In Homeless Community Chaplaincy, dependency can grow quietly. It may begin with compassion. A chaplain listens well. A guest feels seen. A person in crisis says, “You’re the only one I trust.” The chaplain feels honored, needed, and spiritually useful.
That moment can be beautiful. It can also become dangerous.
What not to do?
Do not become the only helper. If a person depends only on you for prayer, money, transportation, emotional support, housing help, decision-making, and crisis response, the relationship is no longer healthy chaplaincy.

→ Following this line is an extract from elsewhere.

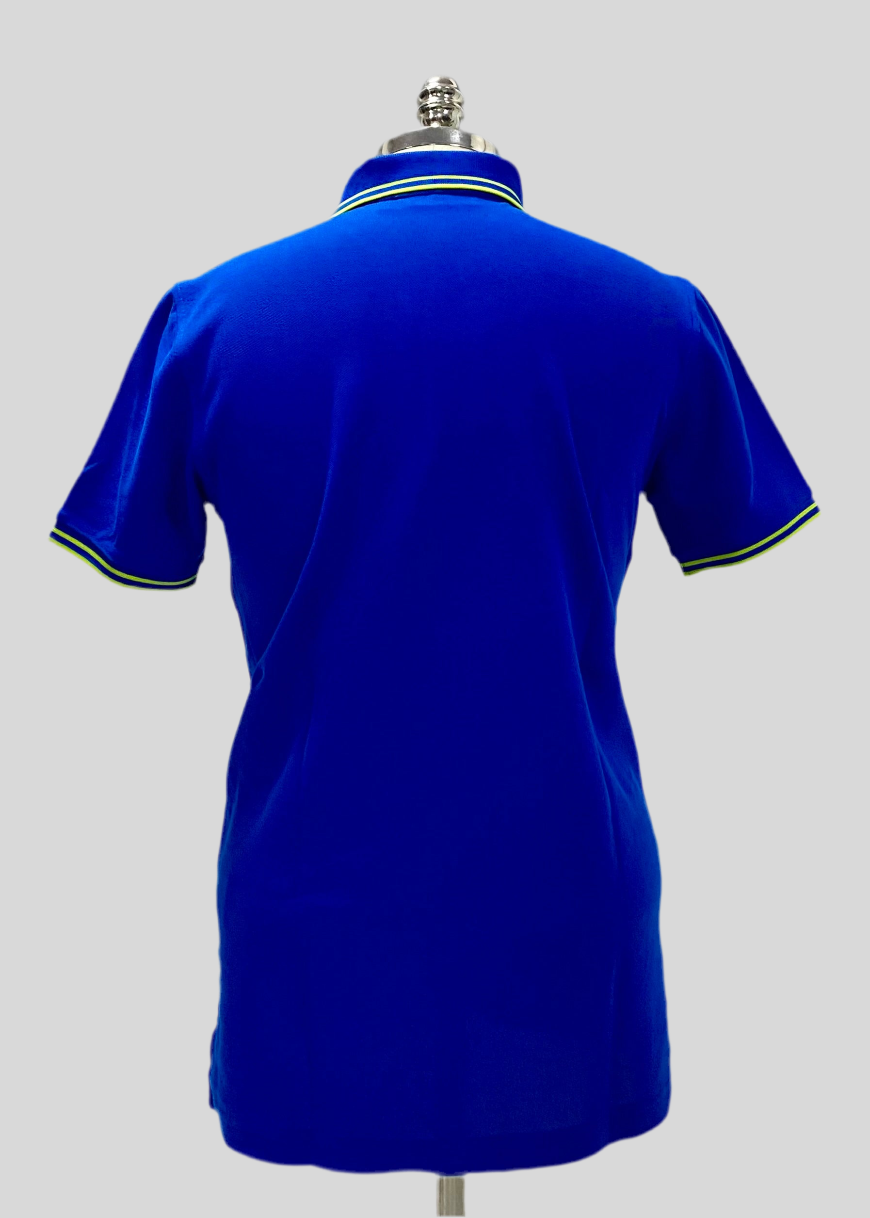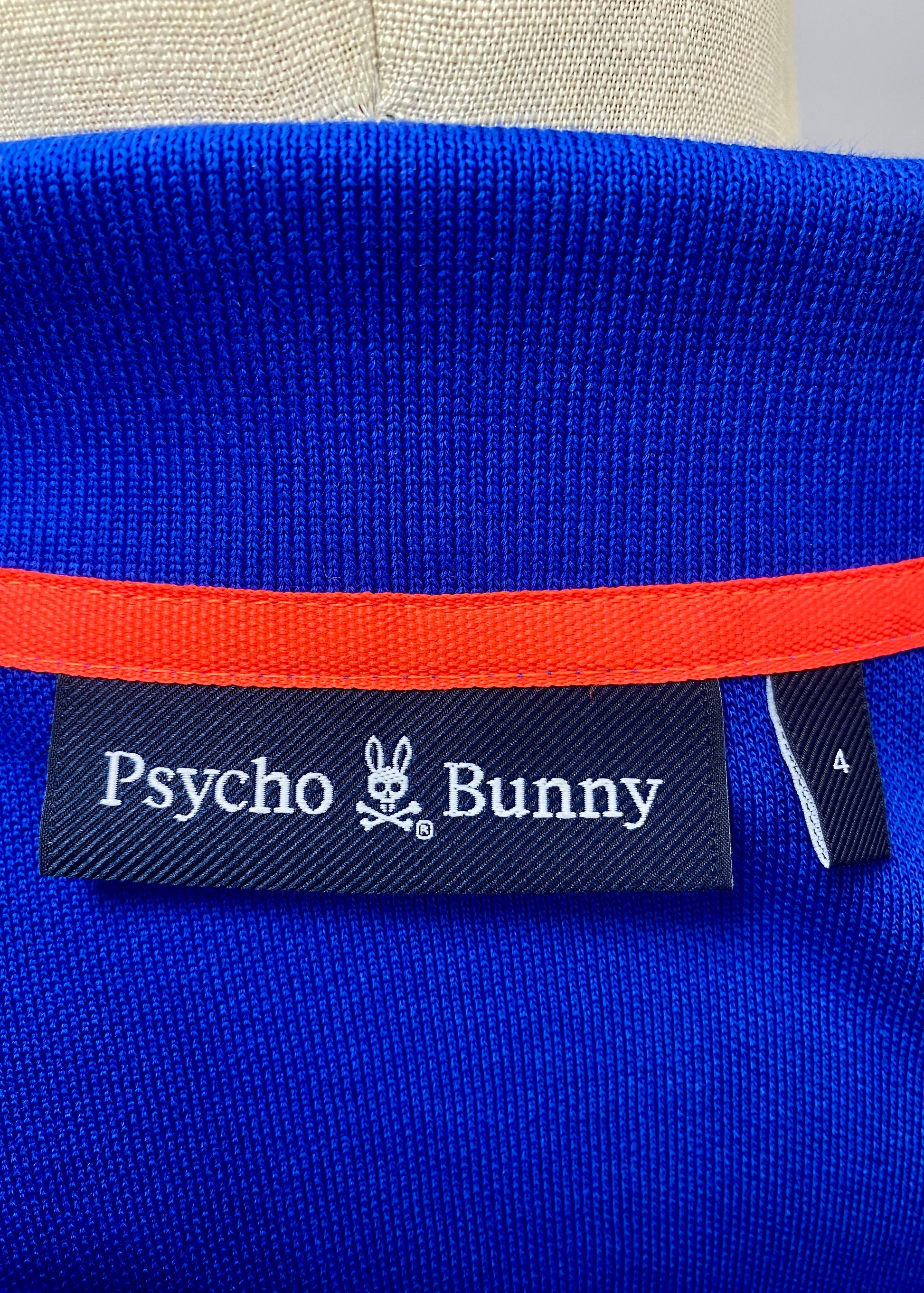 Camiseta Polo Psycho Bunny 🐰 Pique en color azul con diseño de cuello en verde intenso Talla S Entalle Regular

Do not answer every call immediately. Constant availability can create confusion. It may train the person to depend on your instant response instead of building a wider support system.
Do not make promises you cannot keep. Avoid saying, “I’ll make sure you get housing,” “I’ll always be here,” or “Call me anytime.” These words may sound compassionate, but they can become false promises.
Do not bypass shelters, agencies, church leaders, recovery mentors, or counselors because you think you can do it better. Chaplains are part of a care network. They are not the whole network.
Do not let emotional flattery guide your decisions. When someone says, “You’re different from everyone else,” or “Only you understand me,” pause. That may be sincere gratitude. It may also signal attachment that needs healthy structure.
What helps?
Say, “I am grateful you trust me, and I want to help you build more support than just me.”
Say, “Let’s bring another trusted person into this conversation.”
Say, “This is important enough that we should connect you with someone trained in this area.”
Say, “I can pray with you now, and I also want you connected to steady community.”
Christian care points beyond the chaplain. It points to Christ, wise community, appropriate support, and the next faithful step.
A steady closing reminder: dependency is not discipleship. Healthy chaplaincy does not make people need the chaplain more and more. Healthy chaplaincy helps people find dignity, support, responsibility, and hope beyond one relationship.